No le digo nada, pero, entrenada en el optimismo crónico, me pregunto si la policrisis esa también nos incapacita para imaginar, para desear. ¿Esto se me ocurre a mí o me lo susurra uno de mis muertos? Ay, el deseo, ese impulso tan necesario para la ideación de otras cosas, cosas distintas a las que se nos apilan en nuestras cabecitas agobiadas. Hay algo, como un espíritu maligno que se convierte en bruma, en una melcocha pesada que sume a la gente en la infelicidad y la deja convertida en peñón inmóvil en el fondo del agua. Estoy pensando otra vez como una niña.

Me quedo estancada en esa metáfora. Ya no escucho a Clari, que debe estar respondiéndome, como siempre. Mira piedra quieta, me digo, mira allá arriba, si es que el fondo no es demasiado profundo, mira la luz que atraviesa el aire afuera. ¿No sientes nada?

He conocido personas que han sufrido cosas tremendas y me maravilla verlas tiempo después aparentemente recuperadas. Casi un milagro. ¿Será verdad, como dicen algunos sicólogos, que la especie humana es tan audaz? Esa gente santa me recuerda aquel tinglar que vi hace unos años en la playa de Culebra, tan enorme y majestuoso, una madrugada de abril. Fue de los últimos que salió esa noche y tenía como tatuados unos profundos rasguños: una mordida de tiburón, nos aclaró el maestro que nos acompañaba. Allí estaban las horrorosas cicatrices, y allí estaba el tinglar, tan sereno y apacible, como si nada, desovando las próximas generaciones de tinglares viajeros. Tapó el nido y retomó el camino al agua, como si lo llamaran de las profundidades. ¿De veras podemos ser así, tan audaces, como esa milagrosa criatura?

Estoy eslembada, y Clari sigue perorando.

*  *  *

Pude dormir, pero desperté de madrugada, le conté a Clari. Fue como un pinchazo, como un chorro de agua fría en la espalda, y me dije, de esto tengo que hablar. Afuera sonaba un sapo como un motor.
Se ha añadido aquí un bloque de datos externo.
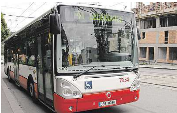
Průměrně si řidiči těchto vozidel vydělají 28 700 korun. MAPRA

Podle Lukšové je to dáno tím, že se ženy bojí technických věcí. „Trolejbus je nejen velký, ale také musí řidiči umět nahodit dráty. Ani v minulosti trolejbusy moc žen neřídilo,“ doplnila. I řízení autobusu platívalo vždy za mužskou práci. „Než mohl někdo sednout za volant, musel mít dva roky praxe s nákladním autem,“ dodala Lukšová.
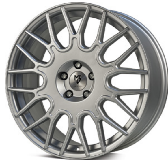
3 silber matt | SD1 silver matt
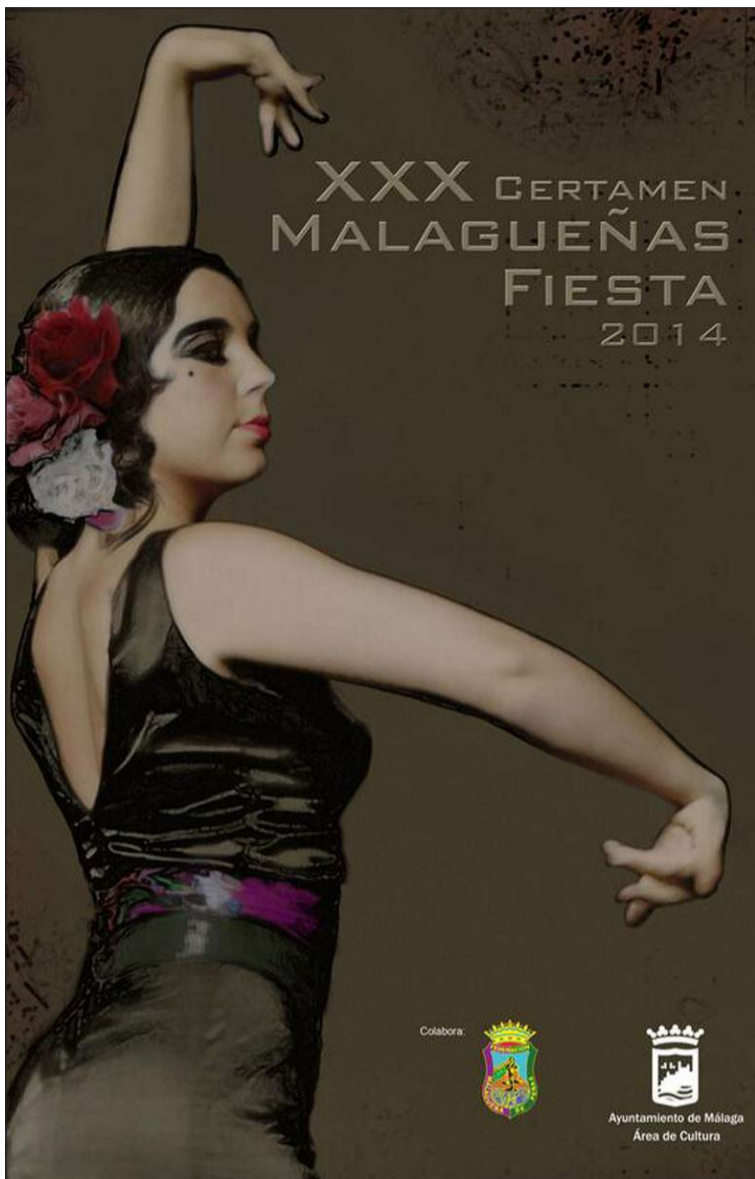
Cartel realizado por Fernando Wilson.
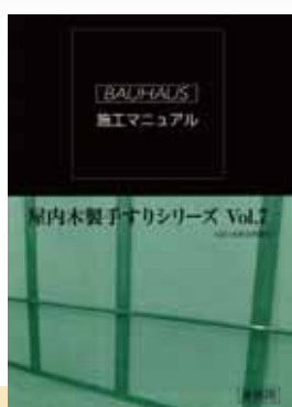
屋内木製手すり シリーズ Vol.7
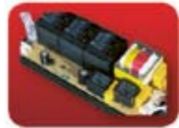
automatyczne zabezpieczenie przed przegrzaniem
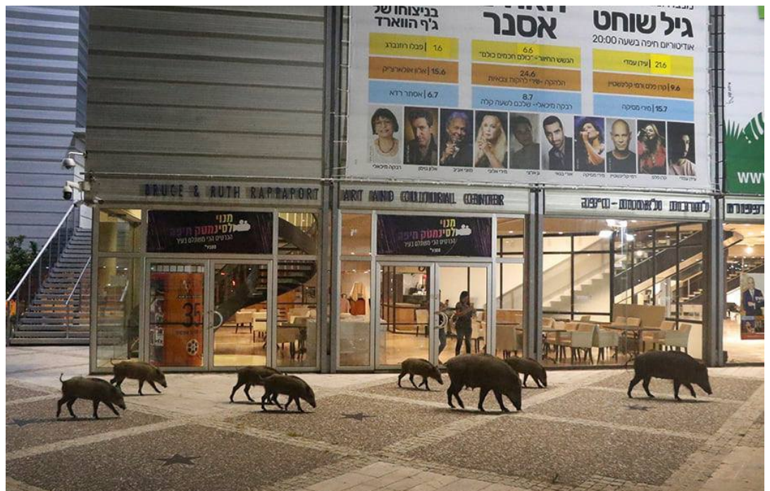
חזירי בר ברחבת מרכז רפפורט לתרבות ואמנות, במרכז הכרמל בחיפה, יוני 2021. "אין להם מקום כבר בארץ הבטון", כתבה אני משועל בשיר "עקבות חזירי הבר"
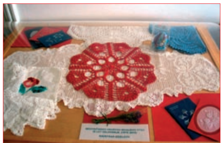
Čudoviti izdelki pridnih in spretnih rok članic društva.

Cilji delovanja društva so kakovost življenja invalidov,
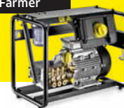
HD 9/18-4 Cage Farmer
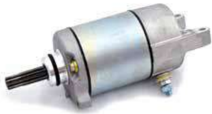
17.81054 motorino 12V - 10 denti - rotazione sx
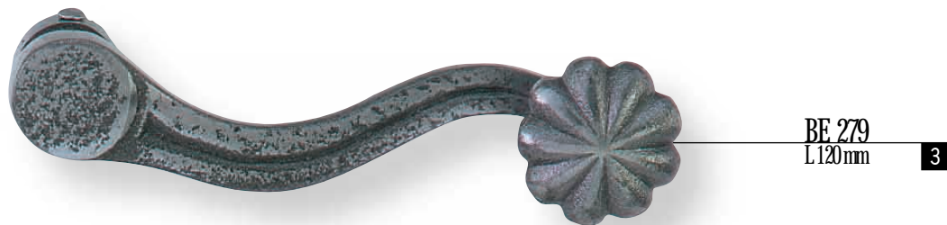
BE 279 L 120 mm 3
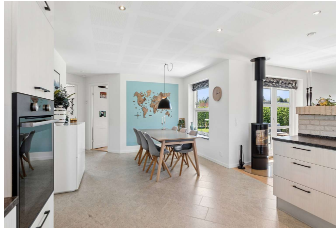
Køkken/alrum er i åben forbindelse til stuen.
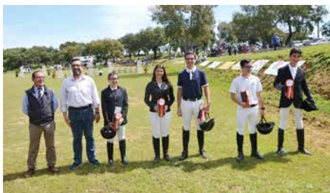
4ªS JORNADAS DE SALTO DE OBSTÁCULOS | EQUIMOR
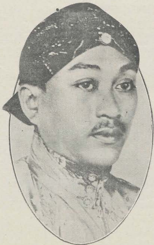
Z. H. Pangéran Adipati Ario Mangkoe Nagoro de Zevende.

Het meest persoonlijk (en dus ook: het belangrijkste!) is de vorstelijke schrijver in het hoofdstuk, dat handelt „Over de Semadi als mystieke daad”. Dit woord „semadi”, dat niet geheel door het in ons land welbekende woord
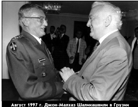
Август 1997 г. Джон-Малхаз Шаликашвили в Грузии

Изявно потрудившись над жизнеописанием Наполеона Бонапарта, Стендаль изрек как-то мысль изначальную, небесспорную, но логически четко выстроенную и оттого ставшую за прошедшие полтора столетия классическим троизмом. А молвил мастер следующие: "Жизнь человека описывать легко до тех пор, пока он не прославил свое имя". Стендалевское высказывание, касавшееся литературных энциклопедий, с поправкой на время абсолютно созвучно и попыткам служителей иной, требовательной музыки кино - представить зрителям портрет знаменитости. Представить так, чтобы документ (речь идет о неигровом кино) не перетасовывал на экране общеизвестные факты, а явил живой, полнокровный образ героя без лафосной ретуши и казенного славословия. Сделать это очень не просто. Тем более, если герой фильма - фигура крупномасштабная по всем параметрам.
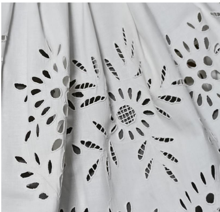
Fotografia 6. Motyw bukietu kwiatów i kwiatu dziewięciornika wykonany haftem angielskim na fartuchu kobiecym z Ratułowa z ok. 1900 r. E/1069/MT.
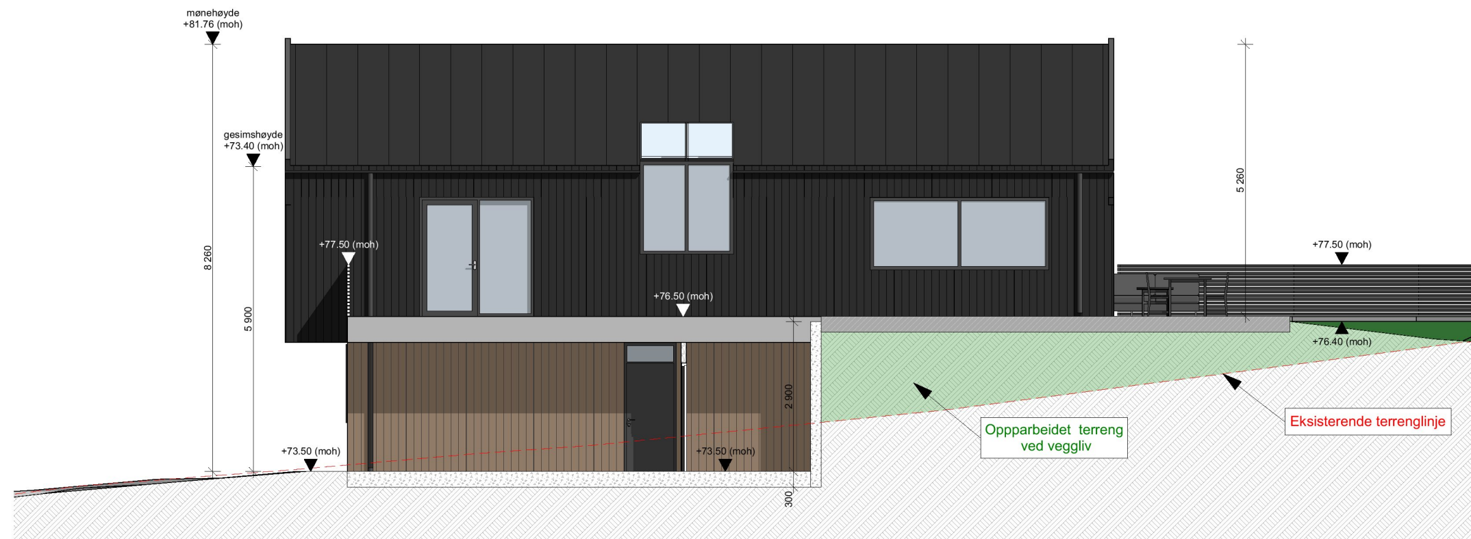
1:100 Fasade Vest
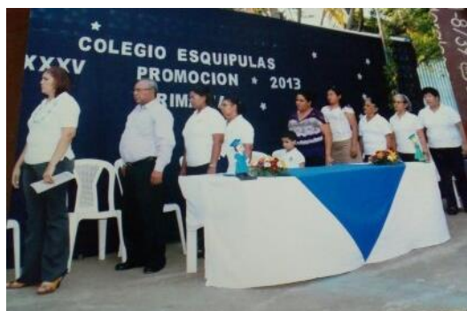
Figura 17. Promoción de Primaria 2013 dirigida por el Director “Tito”
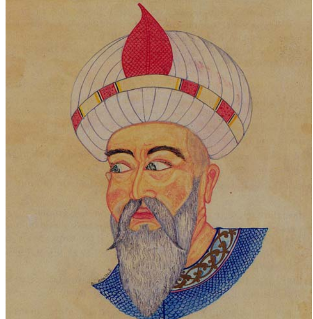
Resim III-1. Şerafeddin Sabuncuoğlu (1385 -1470 Amasya).
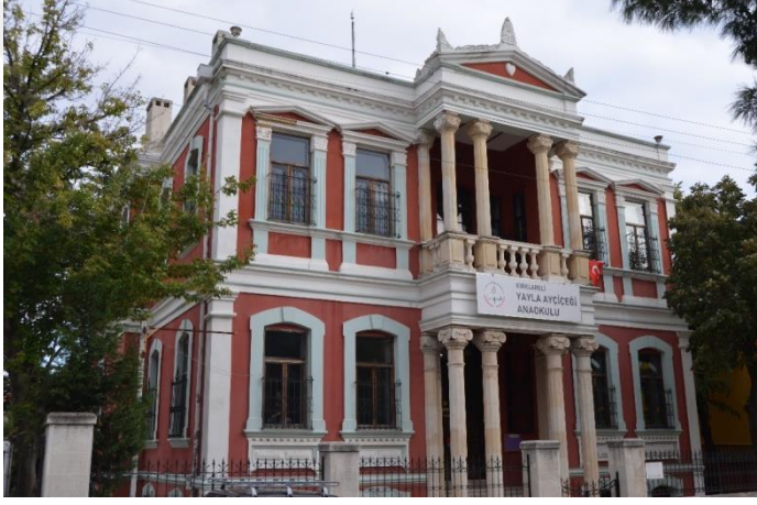
Resim 38: Yayla Ayçiçeği Anaokulu (Yayla Mahallesi)
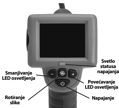
Slika 7 - Upravljački elementi
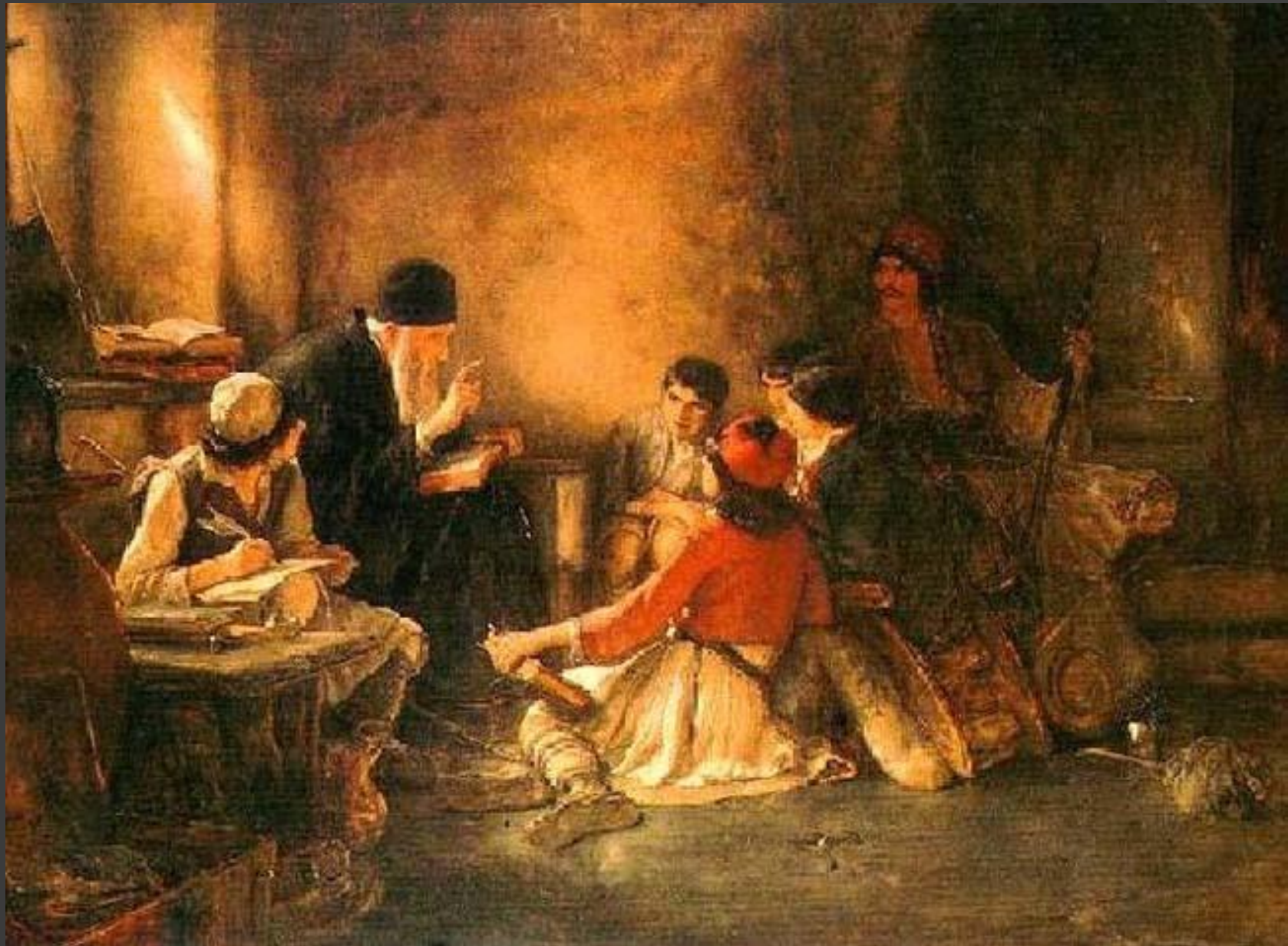
Το κρυφό σχολειό (1885)
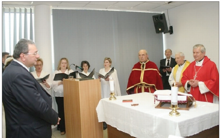
A szimpóziumot követő szentmisén Kiss-Rigó László püspök úr felszentelte az egyházmegye támogatásával kialakított kápolnát

A programhoz több résztvevő kapcsolódott és szándékozik csatlakozni,
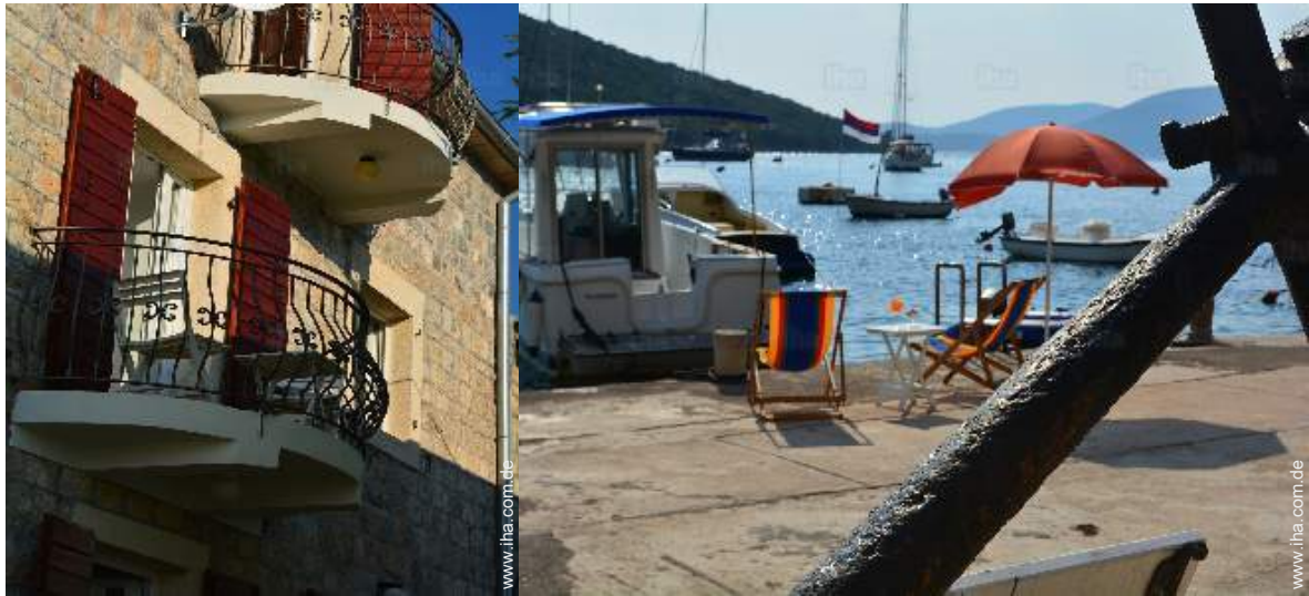
Blick aufs Meer

La imagen era la siguiente: mi hermana y yo, de tres y cuatro años, bajo la lluvia. Estamos en pantis, sentadas en el borde de la acera. Llueve a cántaros en Puerto Nuevo, y tenemos los pies hundidos en la corriente que baja por la cuneta. Nadie nos regaña. Es más, creo que algún adulto nos celebra la ocurrencia. Esa tarde comeremos acerolas. Cierro los ojos y entro otra vez en esa casa. Mi prima Eda tiene fotos de Raphael pegadas en la puerta de su cuarto. Tití dice que Mili es una puerca porque deja los mocos pegados en las sábanas. Mi hermana y yo corremos a mojarnos bajo la lluvia.

Alborozo, contento, deleite, entusiasmo, felicidad, gozo, hilaridad, jovialidad, placer, regocijo, risa, satisfacción, vivacidad.

La alegría es pasajera. Pasa como un celaje. Si es un estado general, sin demostración de gozo, es entonces felicidad. La alegría es escandalosa, contamina, se pega en las paredes, es pegajosa, y empalaga en ocasiones. La alegría deja su impronta en la memoria y cuando el mundo pide milagros, regresa y te eleva.

Mira, Clari, la lucecita del pez diablo negro en el arrecife. La policrisis es una tintorera enorme que pasa de largo. Hoy hablo contigo, no con los muertos. Bailo. Tengo los pies mojados, debo estar soñando. Por fin.